Japan, 1950, 88 min, 2K DCP, Dir. Akira Kurosawa, Not Rated, Japanese with English subtitles, Janus Films
"Today, nearly [seventy] years after it was made, Rashomon has lost none of its fascination or power. It's still a marvelous piece of cinema that asks unanswerable questions of great import." —James Berardinelli, ReelViews
A riveting psychological thriller that investigates the nature of truth and the meaning of justice, Rashomon is widely considered one of the greatest films ever made. Four people give different accounts of a man’s murder and the rape of his wife, which director Akira Kurosawa presents with striking imagery and an ingenious use of flashbacks. This eloquent masterwork and international sensation revolutionized film language and introduced Japanese cinema—and a commanding new star by the name of Toshiro Mifune—to the Western world.

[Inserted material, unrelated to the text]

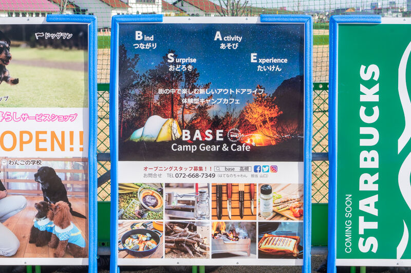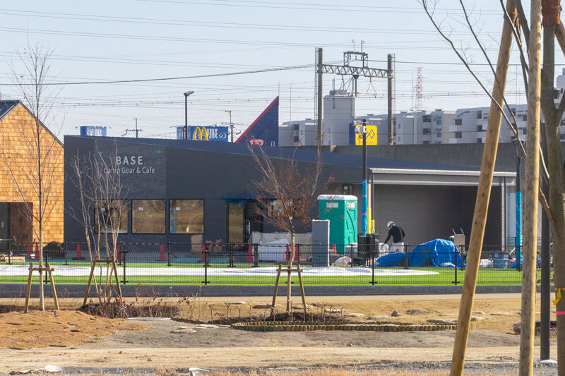 安満遺跡公園につくってる「キャンプギア&カフェ BASE」のオープン日は3月27日
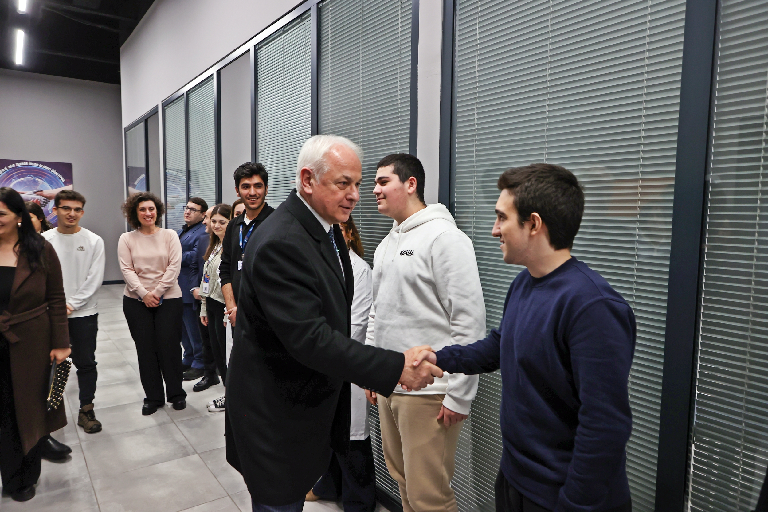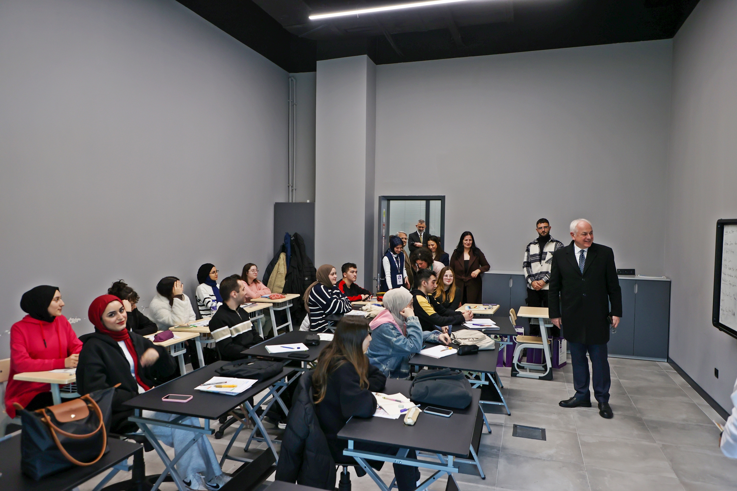 Kitap dağıtımının ardından Başkan Alaattin Köseler, öğrencilerle onların gelecek planları üzerine sohbet etti.

Writing for The Criterion Collection, film historian Alexander Sesonske expressed admiration for the way in which Kurosawa "flouted" the established rules of narrative cinema: "Kurosawa breaks the 180-degree rule, thus reversing spatial relationships, juxtaposes long shots and close-ups and shots of contrary motion, displays a bold inventive use of camera movement as cinematic punctuation, and restores to respectability a mode of transition that had once flourished but almost disappeared with the development of the classic sound film, the wipe, which becomes and remains for Kurosawa an element of style. We are still profiting from his audacity."